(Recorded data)
□ □ □ □

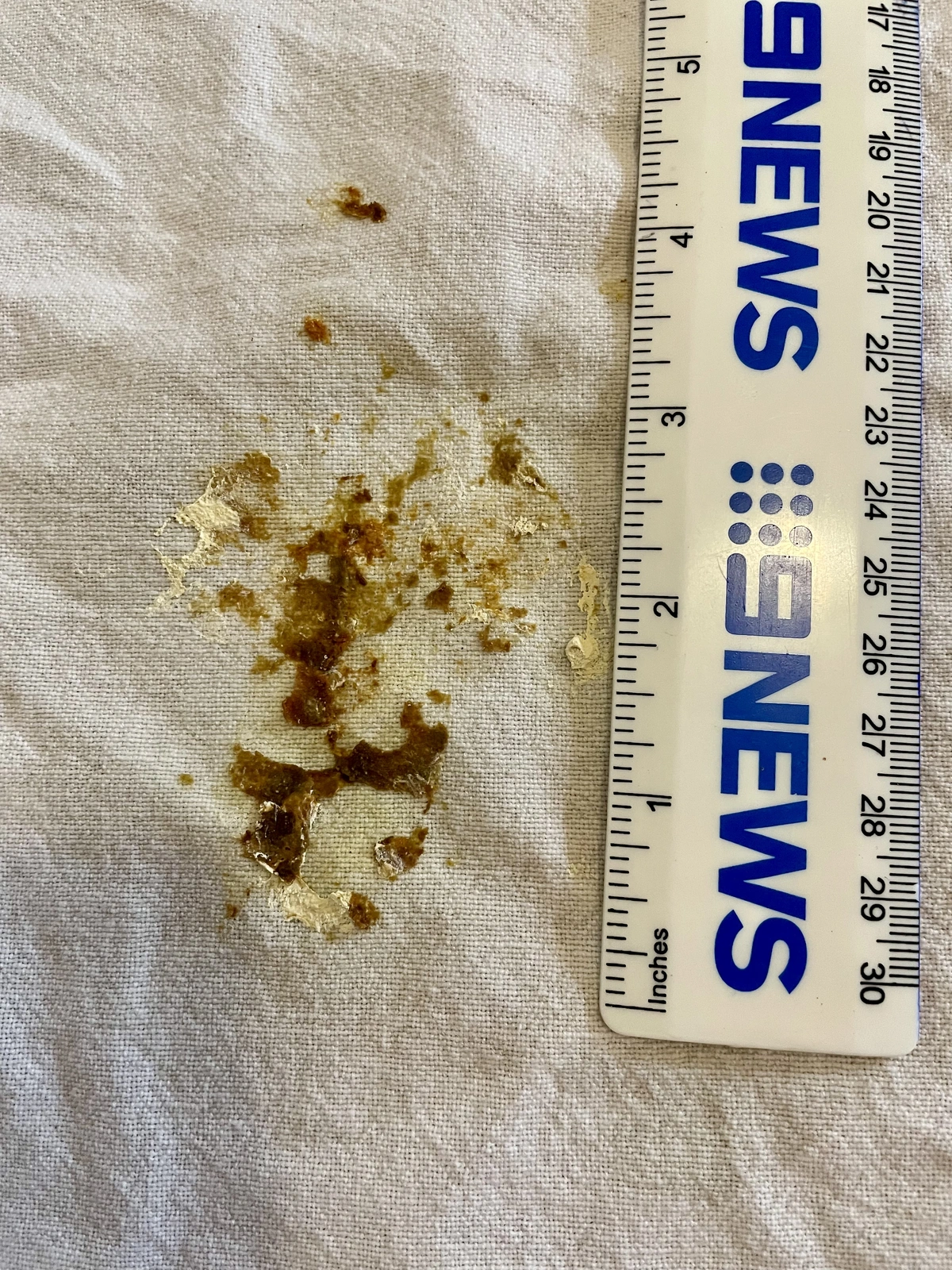 Lovejoy wanted snuggles very early this morning, and I knew he hadn't offloaded his ENORMOUS morning poop yet so I grabbed a tea towel just in case. Looks like I was right to be cautious!!
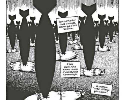 Miscelando critica e umorismo nero, il fumettista e giornalista maltese-americano attacca duramente il governo degli Stati Uniti, accusando l’ex amministrazione Biden di complicità nel genocidio. Sottolinea sarcasticamente i “valori condivisi” tra America e Israele disegnando soldati americani che alzano il pollice davanti a cadaveri ammucchiati come legna da ardere. Celebre per i suoi reportage approfonditi sulla Palestina, Sacco è stato costretto questa volta a lavorare a distanza e non ha gradito. «Come altri artisti o scrittori, vedo la scrittura e il disegno come una forma di pensiero: cominci e improvvisamente le idee cominciano a fluire. All’inizio è stato difficile perché non amo particolarmente scrivere articoli di opinione. Preferisco il reportage, ma in questo caso non avevo altra scelta». War on Gaza non è il risultato di un resoconto dettagliato e di prima mano (l’esercito israeliano non ha mai lasciato entrare nella Striscia di Gaza i giornalisti), piuttosto è un distillato di fatti e cifre, così come sono stati assemblati nel corso del tempo nel quale la guerra si è sviluppata: conteggi delle vittime, immagini di insostenibile violenza, presentate con un’urgenza martellante che non si ferma per riprendere fiato durante tutte le 32 pagine dell’opera.
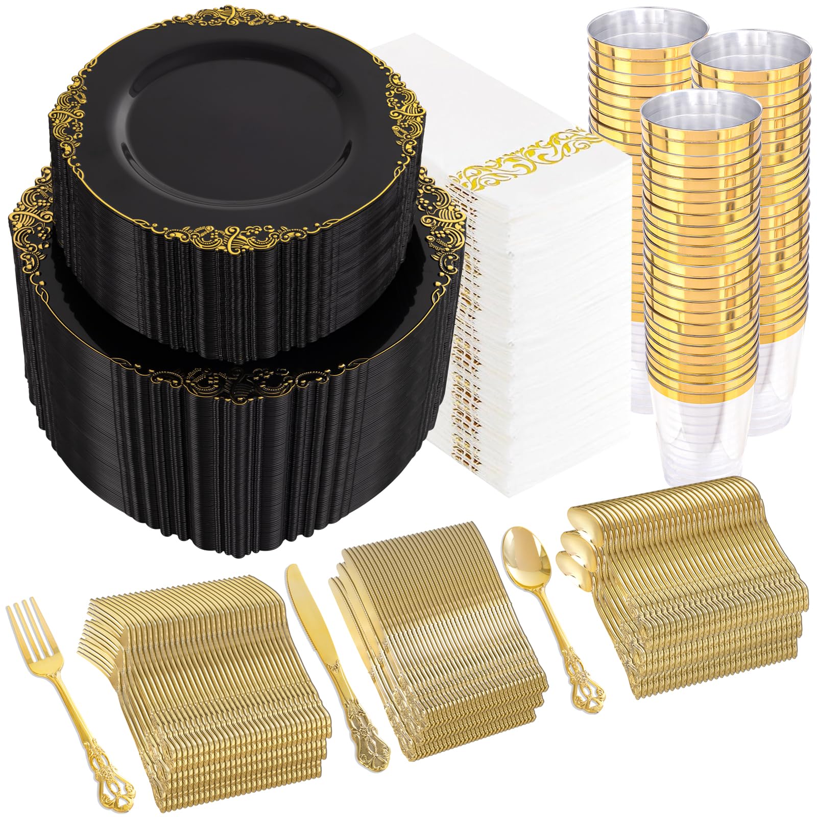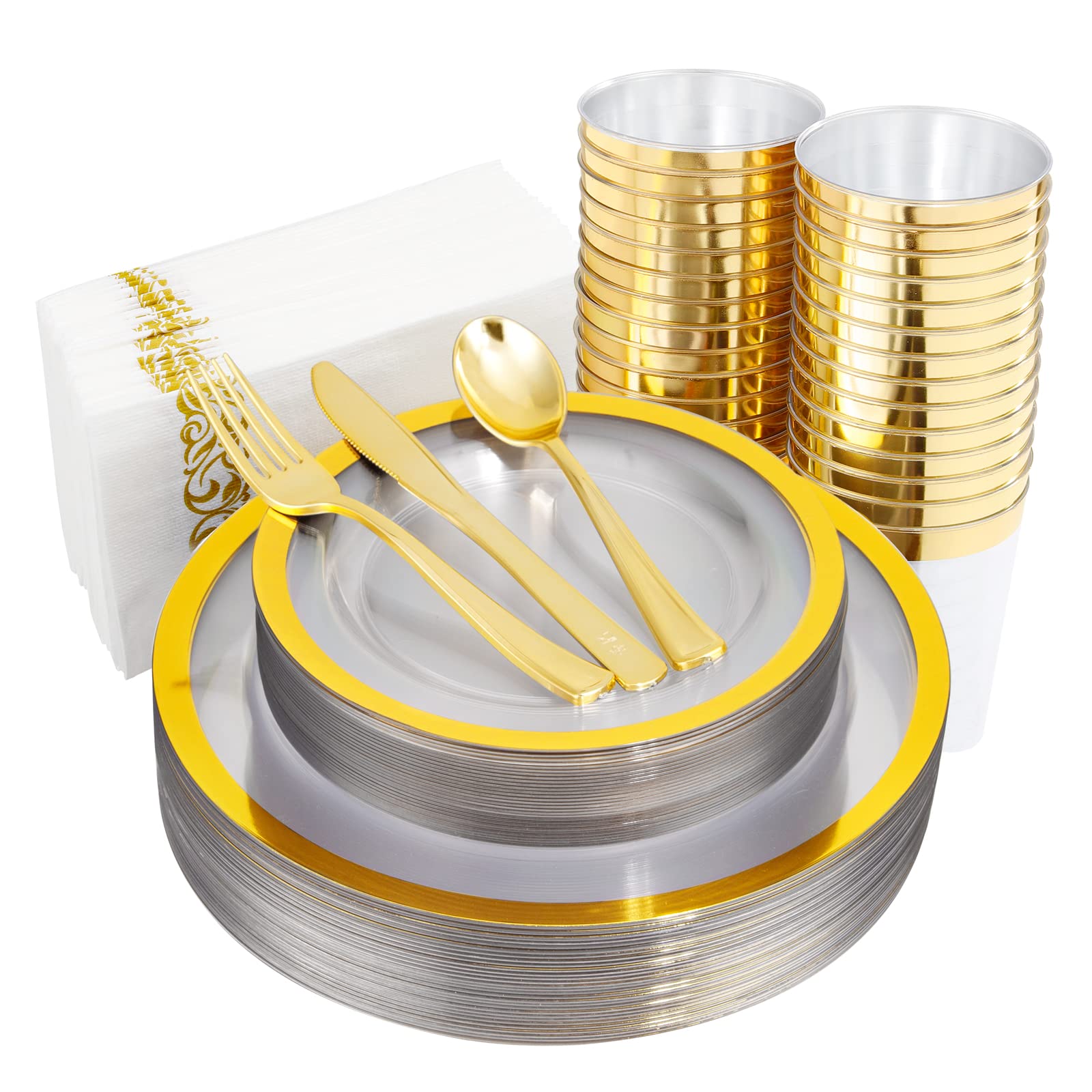 • 100 Person Set: You will receive 100 10.25-inch silver dinner plates, 100 7.5-inch silver dessert plates, 100 silver edged plastic cups, as well as 100 Silver tableware and 100 napkins,the silver plastic dinnerware set is fully matched and can be used by 100 people, making it the perfect choice for hosting large gatherings.
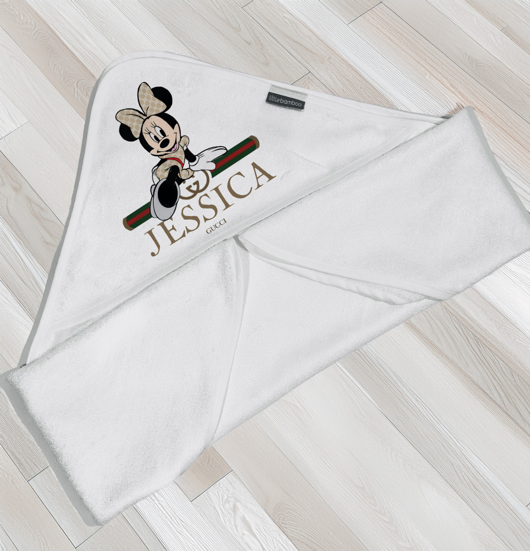 The super soft bamboo fibres in this hooded towel make it far more water absorbent than regular towels. Naturally anti-bacterial , it is the healthy alternative for snuggling and drying your baby after bath time. Leading Australian bedding brand, Little Bamboo, supply a comprehensive range of bamboo baby textiles. Their sheets, blankets, toweling and muslin range is exceptionally soft- ideal for use next to baby's delicate skin. The bamboo fibers used in the sheets and blankets ensure breathability and versatility; warm in winter and cool in summer. Bamboo has excellent wicking properties to draw moisture and keep baby drier, is naturally antibacterial and less susceptible to clinging odors. In addition, Bamboo is an excellent renewable resource requiring little water and no pesticides to grow making it an organic crop and kind to the planet! with name embroidery on hood.
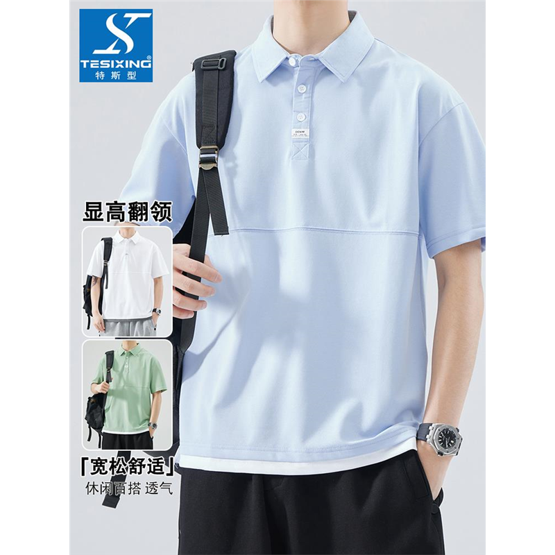 以纯YISHIONpolo衫男士宽松休闲翻领短袖夏季日系潮流简约半袖t恤
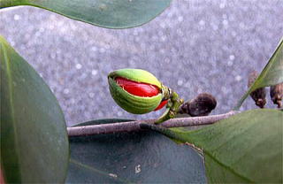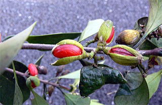 さく果は長さ1.5〜2cm、熟せば革質の果皮が2つに裂け、赤い種子が1個現れます。
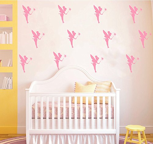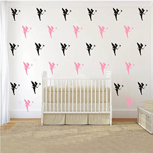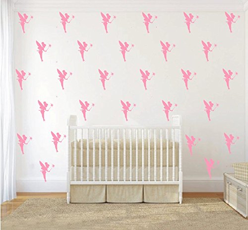 36 pieces/ Pack Fairies Wall Decal Kids Nursery Girls Room Decoration Fairy Wall Stickers Magic wizard Home Decor Party Wall Mural (SOFT PINK)
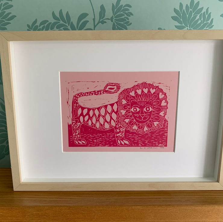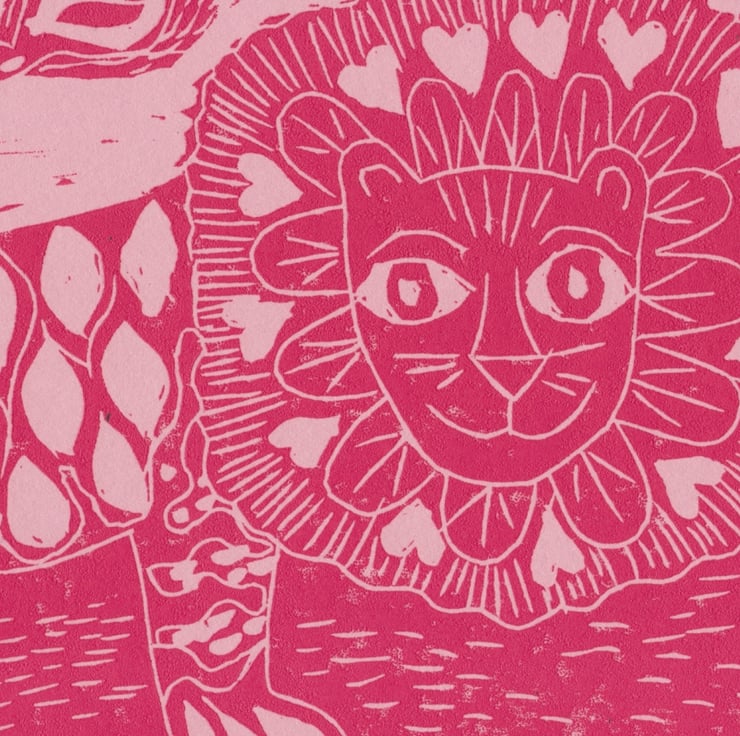 I love naive style of art and folk art. I often doodle images and like to fill them with pattern. I was being a little cautious when drawing this character then I stopped myself and drew the lion directly onto the lino instead of tracing the original image. I have printed this lion in a few different colours but only one pink version.

□ □ □ □

*Requirement:*
Copy all the lines of data exactly as they appear, dropping any images.

*Solution for this problem:*
 Lovejoy wanted snuggles very early this morning, and I knew he hadn't offloaded his ENORMOUS morning poop yet so I grabbed a tea towel just in case. Looks like I was right to be cautious!!
 Miscelando critica e umorismo nero, il fumettista e giornalista maltese-americano attacca duramente il governo degli Stati Uniti, accusando l’ex amministrazione Biden di complicità nel genocidio. Sottolinea sarcasticamente i “valori condivisi” tra America e Israele disegnando soldati americani che alzano il pollice davanti a cadaveri ammucchiati come legna da ardere. Celebre per i suoi reportage approfonditi sulla Palestina, Sacco è stato costretto questa volta a lavorare a distanza e non ha gradito. «Come altri artisti o scrittori, vedo la scrittura e il disegno come una forma di pensiero: cominci e improvvisamente le idee cominciano a fluire. All’inizio è stato difficile perché non amo particolarmente scrivere articoli di opinione. Preferisco il reportage, ma in questo caso non avevo altra scelta». War on Gaza non è il risultato di un resoconto dettagliato e di prima mano (l’esercito israeliano non ha mai lasciato entrare nella Striscia di Gaza i giornalisti), piuttosto è un distillato di fatti e cifre, così come sono stati assemblati nel corso del tempo nel quale la guerra si è sviluppata: conteggi delle vittime, immagini di insostenibile violenza, presentate con un’urgenza martellante che non si ferma per riprendere fiato durante tutte le 32 pagine dell’opera.
 • 100 Person Set: You will receive 100 10.25-inch silver dinner plates, 100 7.5-inch silver dessert plates, 100 silver edged plastic cups, as well as 100 Silver tableware and 100 napkins,the silver plastic dinnerware set is fully matched and can be used by 100 people, making it the perfect choice for hosting large gatherings.
 The super soft bamboo fibres in this hooded towel make it far more water absorbent than regular towels. Naturally anti-bacterial , it is the healthy alternative for snuggling and drying your baby after bath time. Leading Australian bedding brand, Little Bamboo, supply a comprehensive range of bamboo baby textiles. Their sheets, blankets, toweling and muslin range is exceptionally soft- ideal for use next to baby's delicate skin. The bamboo fibers used in the sheets and blankets ensure breathability and versatility; warm in winter and cool in summer. Bamboo has excellent wicking properties to draw moisture and keep baby drier, is naturally antibacterial and less susceptible to clinging odors. In addition, Bamboo is an excellent renewable resource requiring little water and no pesticides to grow making it an organic crop and kind to the planet! with name embroidery on hood.
 以纯YISHIONpolo衫男士宽松休闲翻领短袖夏季日系潮流简约半袖t恤
 さく果は長さ1.5〜2cm、熟せば革質の果皮が2つに裂け、赤い種子が1個現れます。
 36 pieces/ Pack Fairies Wall Decal Kids Nursery Girls Room Decoration Fairy Wall Stickers Magic wizard Home Decor Party Wall Mural (SOFT PINK)
 I love naive style of art and folk art. I often doodle images and like to fill them with pattern. I was being a little cautious when drawing this character then I stopped myself and drew the lion directly onto the lino instead of tracing the original image. I have printed this lion in a few different colours but only one pink version.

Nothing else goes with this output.